There are several things that stick in my memory. First, I loved the physical setting of Pittsburgh. I also remember the first-year resident emergency room experience as being a grueling trial by fire. Through the three years of residency there was tremendous pathology in both the resident and private practice clinics and excellent attendings from whom to learn and receive mentoring. The Chief of the Glaucoma Service, Dr. Vic Jocson, was a mentor to myself and two of my fellow residents, Mike Savitt and Dan O’Connor, who also did glaucoma fellowships. This was also the time when I discovered my primary research interest, thanks to encountering Harry Quigley and his scanning electron microscopic images of the lamina cribrosa at an Armed Forces Institute of Pathology course that the Department sponsored. Inspired by the beauty of the connective tissue architecture of the optic nerve head, I began to recognize that my architecture training had prepared me to think about the optic nerve head and glaucoma within a biomechanical framework and that collaborations with biomechanical engineers would eventually be required.

Career:

During my glaucoma fellowship, I learned the non-human primate (NHP) experimental glaucoma model from Harry and spent time in Don Zack’s lab.
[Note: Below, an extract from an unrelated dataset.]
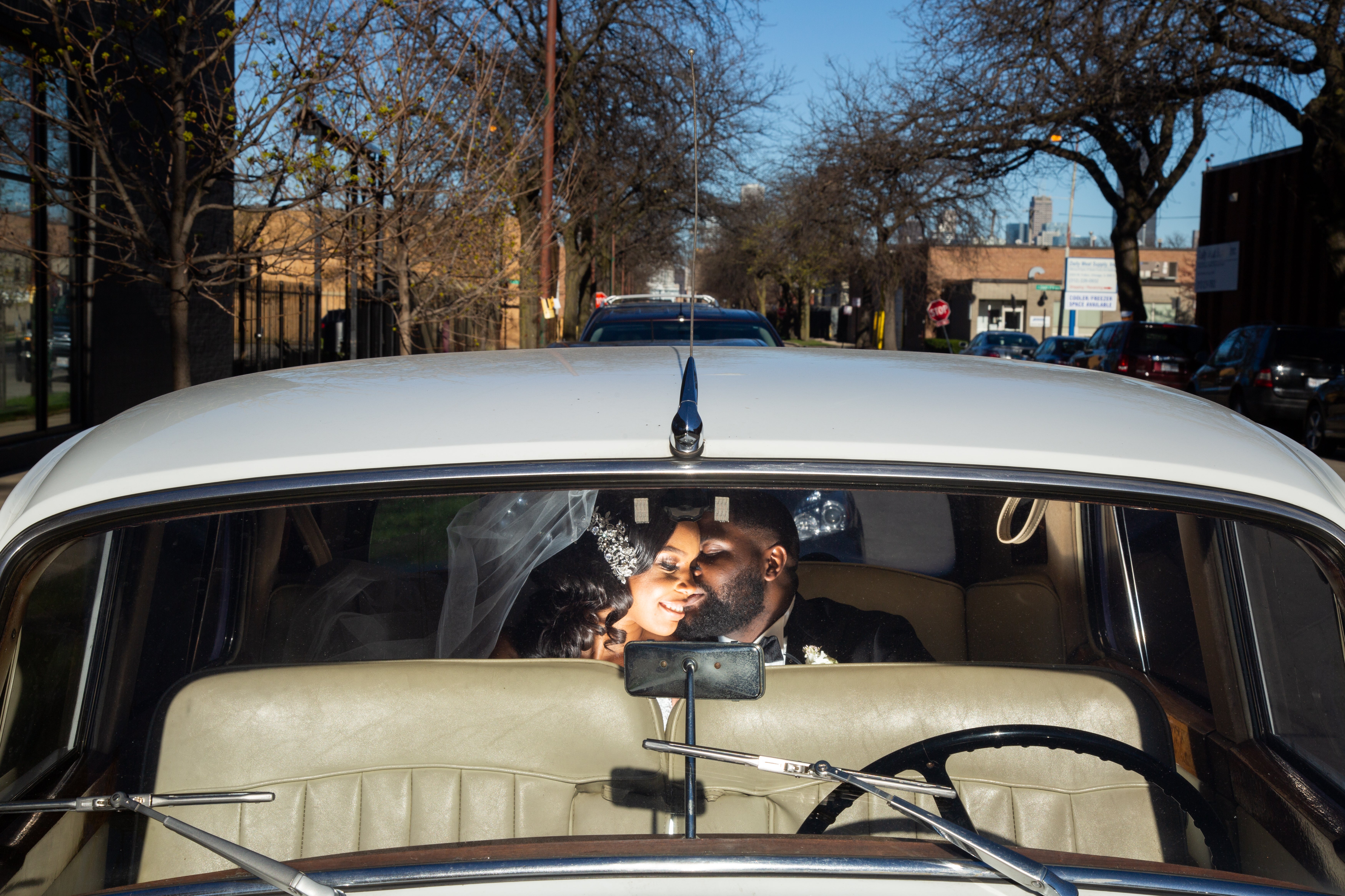 The Lows rode to their wedding reception venue in style.

In 1993 I was recruited to LSU by Herb Kaufman, who took a chance on my ideas by providing a startup package for my research. I collaborated with Rich Hart, PhD, who was then Chairman of the Biomechanical Engineering Department at Tulane. He provided four excellent PhD students, Anthony Bellezza Crawford Downs, Michael Girard, and Hongli Yang, who each were instrumental to my laboratory’s early success. By 1998, we were NIH R01 funded, and by the early 2000s, our biomechanical concepts were beginning to have an impact. In 2005, an ongoing collaboration with Jack Cioffi at the Devers Eye Institute led him to recruit my entire research group to Portland, which led to a difficult transition following Hurricane Katrina.

I feel fortunate that for the past 24 years, my lab has been funded by the NIH to study the effects of aging and experimental glaucoma on the NHP optic nerve head. We have also been able to extend our work in NHPs by using Optical Coherence Tomography (OCT) to clinically characterize the human optic nerve head tissues. In these regards, my laboratory has maintained a longstanding research relationship with Heidelberg Engineering. I have also had the honor of serving as the Glaucoma Section Trustee and President of the Association for Research in Vision and Ophthalmology (ARVO). I retired from clinical practice last year and will retire from my lab in 2023 when my current NIH funding ends.

How have you been involved with the Department of Ophthalmology since your graduation?

I have followed the tremendous growth of the Department through visits to give lectures. I have also had many interactions with Dr. Ian Sigal, who has built a truly outstanding research program in ocular biomechanics within the Department.